== Available data

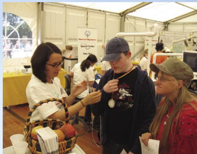
Medaille der etwas anderen Art: Für Mut und Tapferkeit beim Zahnarzt wurden die Sportler ausgezeichnet.

Fußball bis hin zu Judo, Tennis und Leichtathletik. Und nie zuvor begeisterte ein so vielfältiges und buntes Rahmenprogramm die Besucher. Vor allem die Atmosphäre bei der Eröffnungsfeier in der Bremen Arena stand der bei einer großen Olympiade in nichts nach.
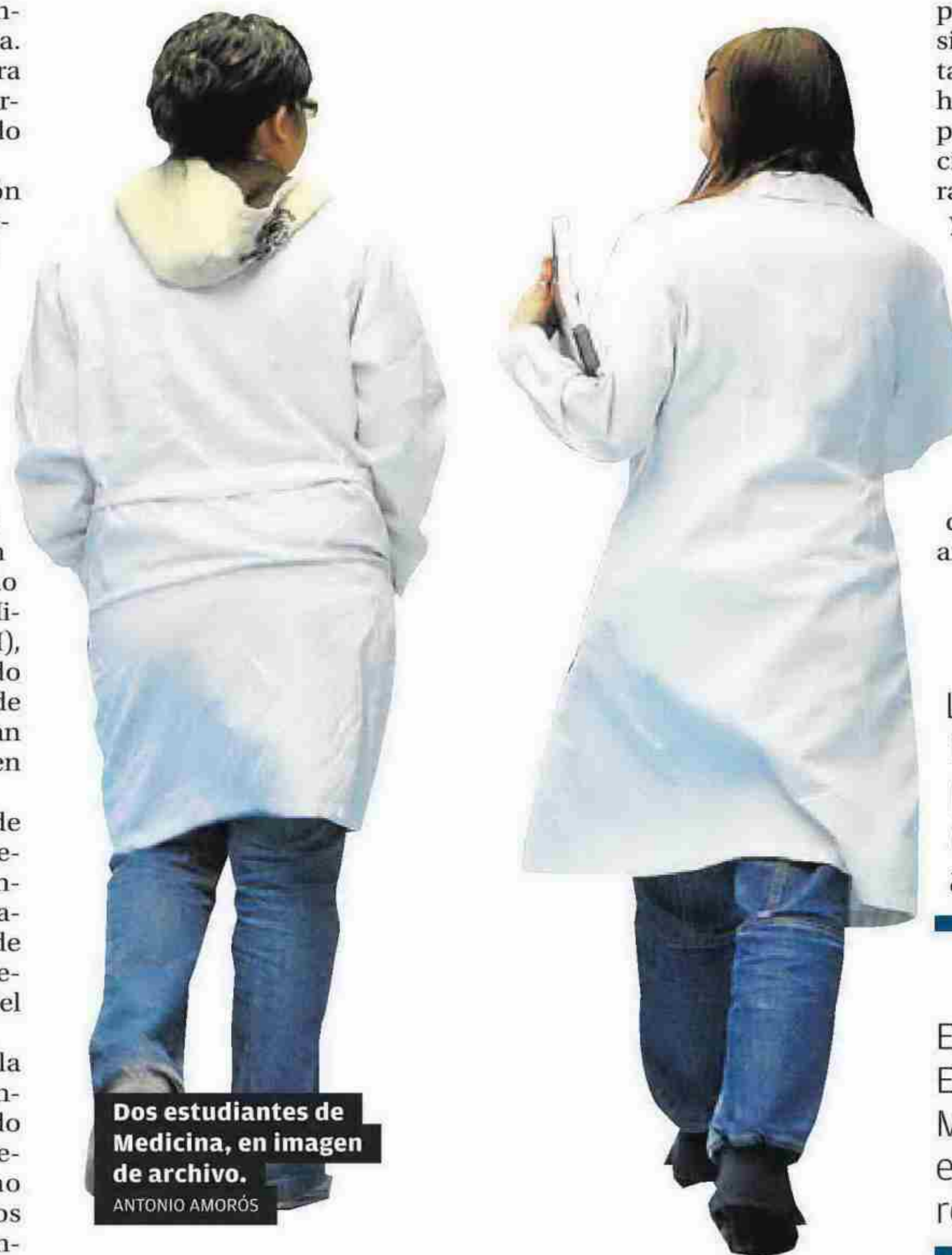
Dos estudiantes de Medicina, en imagen de archivo.

La UA negoció con el Hospital Universitario del Vinalopó de Elche, el Hospital Universitario de Torrevieja, la Clínica HLA Vista Hermosa y el Hospital QuirónSalud, es decir, dos privados y dos públicos de gestión privada. Son suficientes para la Aneca, pero la UA seguirá negociando con Sanidad, ahora con el peso que da la autorización, para conseguir también plazas en el Hospital General de Alicante y en el Hospital de La Vila, aunque este último debería ser acreditado primero como universitario. Y son precisamente las plazas en el Hospital General de Alicante las que entrarían en conflicto con la UMH, donde aseguran que un mismo hospital no puede conveniar pla-

====

**Work order:** Give every line of the listing above again, exactly, with no images.

**Task result:**
Medaille der etwas anderen Art: Für Mut und Tapferkeit beim Zahnarzt wurden die Sportler ausgezeichnet.

Fußball bis hin zu Judo, Tennis und Leichtathletik. Und nie zuvor begeisterte ein so vielfältiges und buntes Rahmenprogramm die Besucher. Vor allem die Atmosphäre bei der Eröffnungsfeier in der Bremen Arena stand der bei einer großen Olympiade in nichts nach.
Dos estudiantes de Medicina, en imagen de archivo.

La UA negoció con el Hospital Universitario del Vinalopó de Elche, el Hospital Universitario de Torrevieja, la Clínica HLA Vista Hermosa y el Hospital QuirónSalud, es decir, dos privados y dos públicos de gestión privada. Son suficientes para la Aneca, pero la UA seguirá negociando con Sanidad, ahora con el peso que da la autorización, para conseguir también plazas en el Hospital General de Alicante y en el Hospital de La Vila, aunque este último debería ser acreditado primero como universitario. Y son precisamente las plazas en el Hospital General de Alicante las que entrarían en conflicto con la UMH, donde aseguran que un mismo hospital no puede conveniar pla-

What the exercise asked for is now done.